WHAT IS NEEDED.
Write out the stretch of lines below that begins at the line with "V petek 19." and ends at the line with "Gafas de protección", including both, exactly as given and nothing more.

INFORMATION.
################
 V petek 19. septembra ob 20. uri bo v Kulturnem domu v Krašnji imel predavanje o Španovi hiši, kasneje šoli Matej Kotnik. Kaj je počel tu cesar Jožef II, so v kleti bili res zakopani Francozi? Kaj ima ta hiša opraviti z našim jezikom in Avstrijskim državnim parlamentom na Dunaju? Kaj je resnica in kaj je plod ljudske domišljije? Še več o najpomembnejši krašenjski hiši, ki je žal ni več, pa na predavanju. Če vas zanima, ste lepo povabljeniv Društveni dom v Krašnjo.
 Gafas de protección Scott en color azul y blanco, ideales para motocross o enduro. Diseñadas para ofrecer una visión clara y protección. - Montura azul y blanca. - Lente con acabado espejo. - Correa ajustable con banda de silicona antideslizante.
################
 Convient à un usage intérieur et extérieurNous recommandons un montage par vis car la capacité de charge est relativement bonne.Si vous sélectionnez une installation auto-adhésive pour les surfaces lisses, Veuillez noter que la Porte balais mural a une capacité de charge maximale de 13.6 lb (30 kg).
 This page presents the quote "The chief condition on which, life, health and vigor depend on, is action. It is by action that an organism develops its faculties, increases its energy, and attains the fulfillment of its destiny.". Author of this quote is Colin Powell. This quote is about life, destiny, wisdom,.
################
YOUR SOLUTION.
 V petek 19. septembra ob 20. uri bo v Kulturnem domu v Krašnji imel predavanje o Španovi hiši, kasneje šoli Matej Kotnik. Kaj je počel tu cesar Jožef II, so v kleti bili res zakopani Francozi? Kaj ima ta hiša opraviti z našim jezikom in Avstrijskim državnim parlamentom na Dunaju? Kaj je resnica in kaj je plod ljudske domišljije? Še več o najpomembnejši krašenjski hiši, ki je žal ni več, pa na predavanju. Če vas zanima, ste lepo povabljeniv Društveni dom v Krašnjo.
 Gafas de protección Scott en color azul y blanco, ideales para motocross o enduro. Diseñadas para ofrecer una visión clara y protección. - Montura azul y blanca. - Lente con acabado espejo. - Correa ajustable con banda de silicona antideslizante.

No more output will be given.